Dataset items

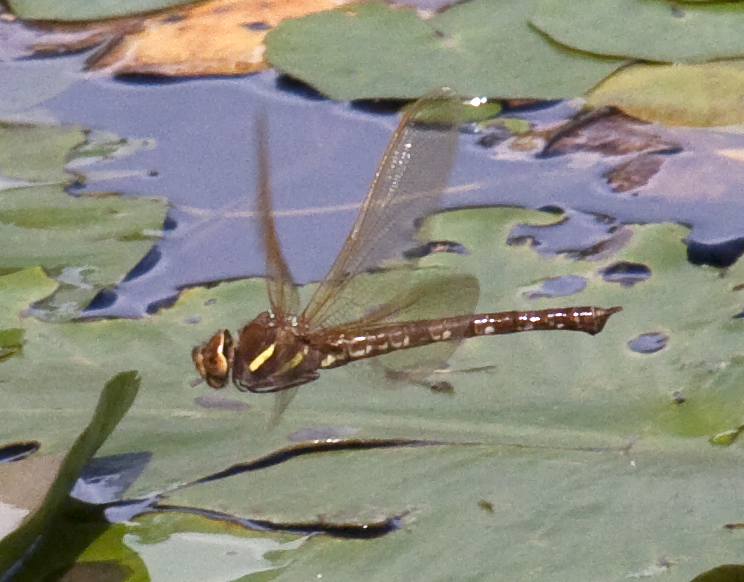 I spotted this Brown Hawker flying about 10 metres away flying across the lake. I took a few shots before it flew off, unfortunately at that distance the quality wasn't great. Aeshna grandis female.
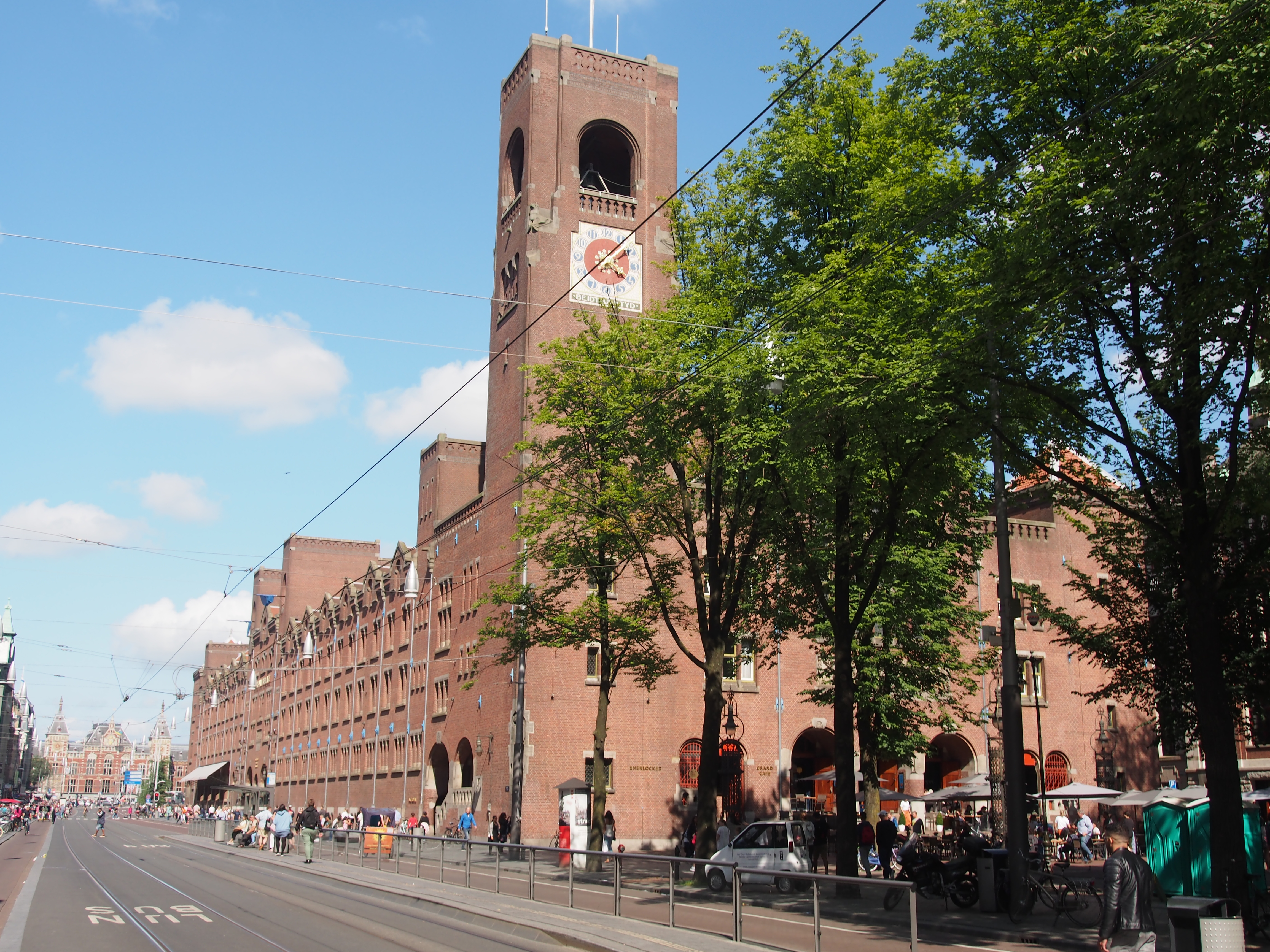 Photographed in Amsterdam.
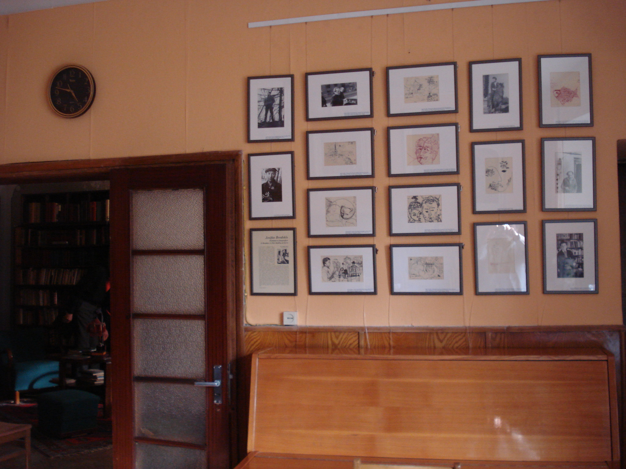 Exposition of Joseph Brodsky's drawings and photos from the private collection of Ramunas and Elia Katilius in the House-museum of Venclova Family in Vilnius. Pamenkalnio g. 34.
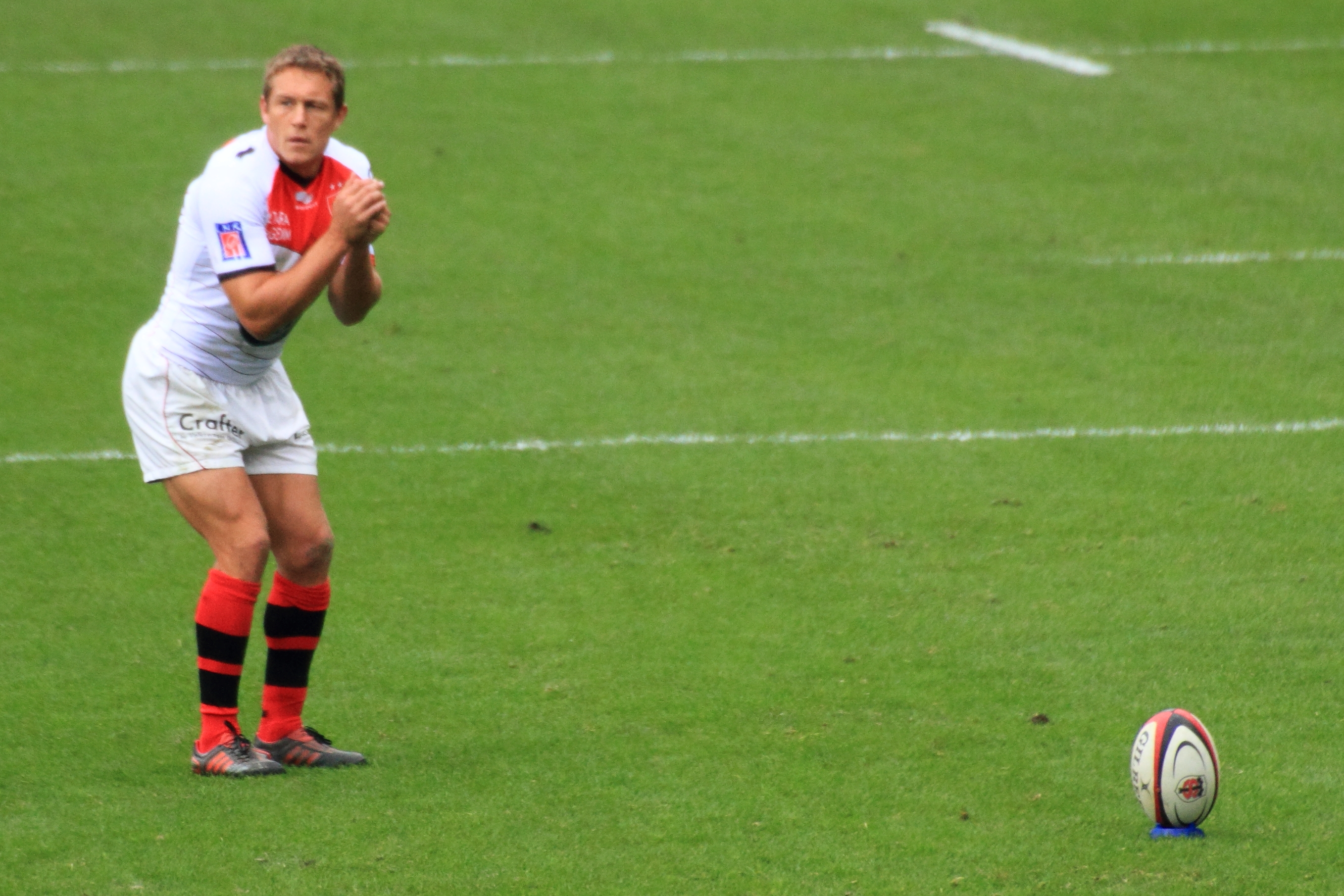 Top 14 — 3 December 2011, Stadium. Match between: Stade toulousain — RC Toulon
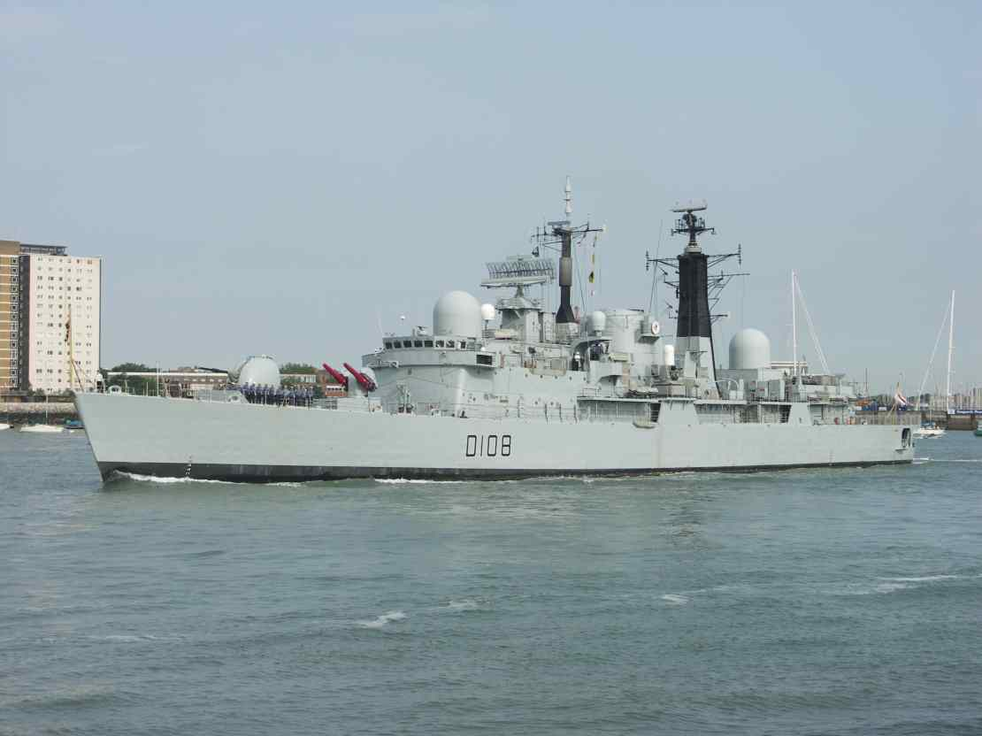 HMS Cardiff (D108), (will add date and approximate location later)

:: WORK TO BE COMPLETED ::
Counting the line with "Top 14 — 3 December" and the last line of the data above, transcribe those two lines and every line between them exactly, without the pictures.

:: WRITTEN REPLY ::
 Top 14 — 3 December 2011, Stadium. Match between: Stade toulousain — RC Toulon
 HMS Cardiff (D108), (will add date and approximate location later)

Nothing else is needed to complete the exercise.